Activity
Could you restate word for word only the lines below from the one holding "Parents who would" to the one holding "Sisäkulma TEK-123:n 90", inclusive, and leave out the pictures?

Records drawn from a dataset
○ ○ ○ ○
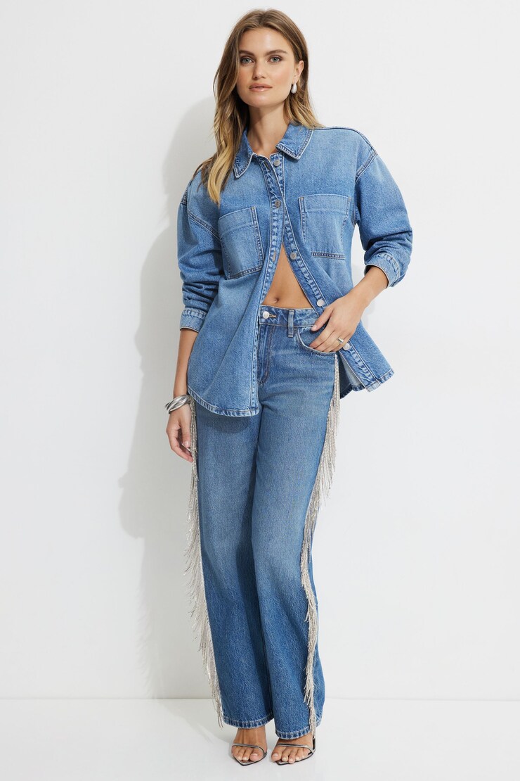 Mika Rhinestone Fringe Relaxed Straight Jeans
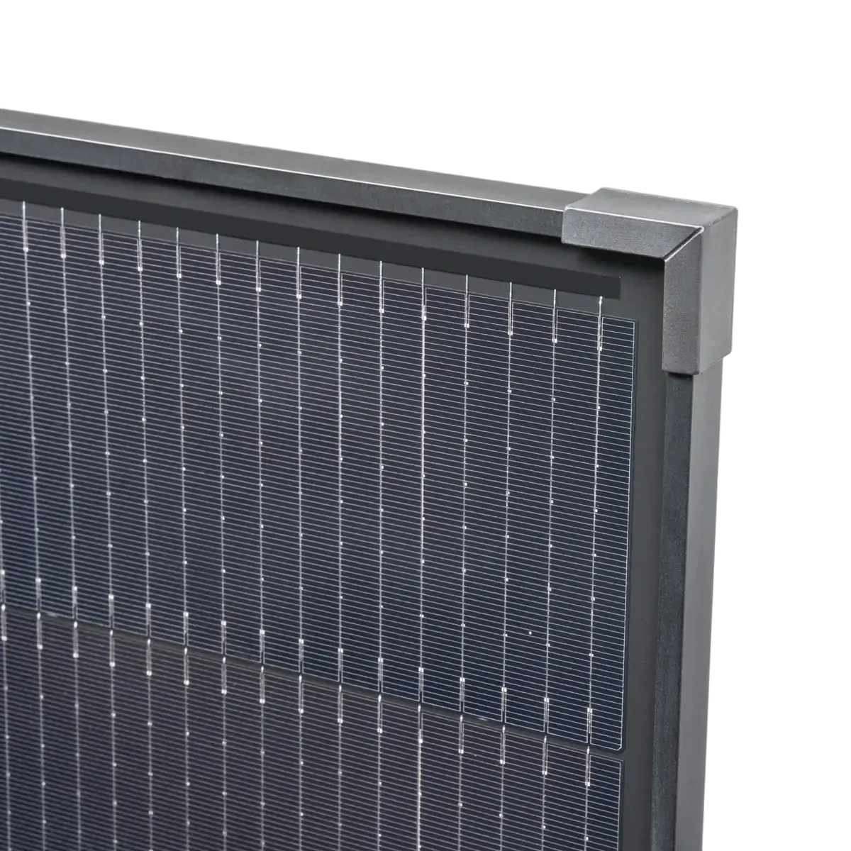 The A-grade monocrystalline solar cells, renowned for their efficiency and durability, are protected by a 3.2mm tempered low-iron glass covering. This material is optically clear and offers exceptional resistance to impact from hail, stones, and accidental knocks. The sleek black anodized aluminum frame enhances the appearance of your setup while ensuring long-lasting performance in harsh conditions.
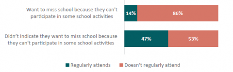 Parents who would keep their child out of school because their child isnât able to participate in certain activities are 22 percentage points more likely to have a child that doesnât attend school regularly (57 percent compared to 35 percent).
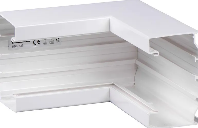Sisäkulma TEK-123:n 90 asteen kulmaukseen. Liitetään alaosaan kahdella erikseen tilattavalla liitoskappaleella.
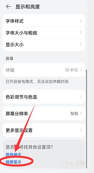 然后在【显示和亮度】菜单中选择【熄屏显示】并打开。
○ ○ ○ ○
Final answer
 Parents who would keep their child out of school because their child isnât able to participate in certain activities are 22 percentage points more likely to have a child that doesnât attend school regularly (57 percent compared to 35 percent).
Sisäkulma TEK-123:n 90 asteen kulmaukseen. Liitetään alaosaan kahdella erikseen tilattavalla liitoskappaleella.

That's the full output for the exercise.